Director: M Night Shyamalan
Cast: Kathryn Hahn, Deanna Dunagan, Peter McRobbie, Ed Oxenbould, Olivia DeJonge
Rating: 3 out of 5
Length: 94 minutes
Opening: Now playing
After a series of films dwelling in various topics such as aliens, a dystopian human future and fairy tales, M Night Shyamalan has gone back to his roots — the horror genre. Sixteen years after his thrilling blockbuster The Sixth Sense hit the big screens and changed our lives forever with a single line, “I see dead people”, Shyamalan has failed to deliver anything of equal calibre. In fact, 2013’s After Earth was such a dismal failure that main star Will Smith himself admitted regretting making the movie and dragging his son along for the ride.
The trailer of The Visit is promising — two kids visiting their estranged grandparents whom they’ve never met before slowly start noticing how creepy their “new” family members actually are. The movie starts off slowly: Their mother goes away on a cruise with her new boyfriend, and the kids take a train to visit grandma and grandpa. However, the plot starts to thicken when the grandmother starts doing weird things in the middle of the night — explained by their grandfather as a mental illness called sundowning, which affects the elderly.
Things start to get weirder and weirder, until one day, the kids can stand it no more and contact their mother to tell her what has been happening. That’s when everything starts unravelling. One can see that Shyamalan was going with the sort of twist that made The Sixth Sense such a great movie, but this one falls short because once the viewers start thinking through things, numerous plot holes start to appear, and the great “reveal” begins to fall apart.
The scares are pretty good, in that it is a nice change to not have to look at blood, gore and cheap ghostly effects for once.

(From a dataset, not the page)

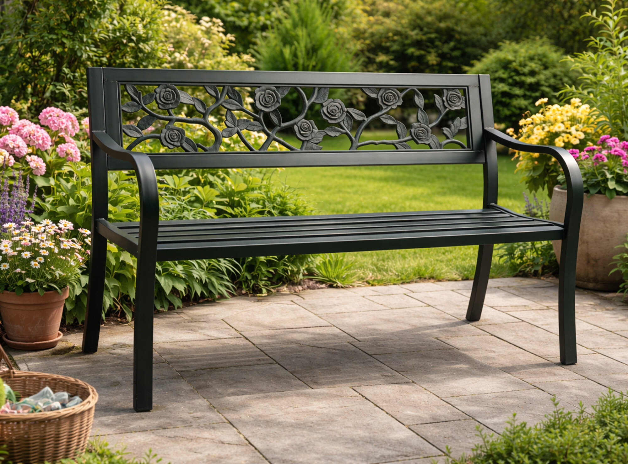 Konstrukce zahradní lavice je vyrobena z oceli a litiny, tyto materiály jsou odolné a zároveň zaručí stabilitu. Konstrukce lavičky je opatřena povrchovou úpravou práškovým lakováním, lavice tedy výborně odolává vlivům počasí a má dlouhou životnost.

However, the film moves at such a slow pace that one soon starts getting fidgety and impatient waiting for something — anything — to happen already.
Perhaps the one redeeming quality of The Visit is its talented cast, from aspiring moviemaker Becca (Olivia DeJonge) and rapper-in-training Tyler (Ed Oxenbould) to their crazy grandparents played by Deanna Dunagan and Peter McRobbie. The kids do a respectable job with their characters, putting in just the right amount of worry laced with fear, while Dunagan and McRobbie appear to be convincingly crazy.
One could argue that Shyamalan probably did the best he could with a limited premise, and that there are only so many ways such a story could have ended without bringing in the dreaded aliens. It is a rather good try on his part — there are nods here and there to other scary movies (somehow, the fairy tale Hansel and Gretel ended up being referenced several times, too) and a handful of genuinely scary scenes.
But another The Sixth Sense, The Visit definitely is not. Good try, Shyamalan, but perhaps try again. Could the brilliance of The Sixth Sense be just a one-hit wonder? Only time will tell.
This article first appeared in digitaledge Daily, on September 18, 2015.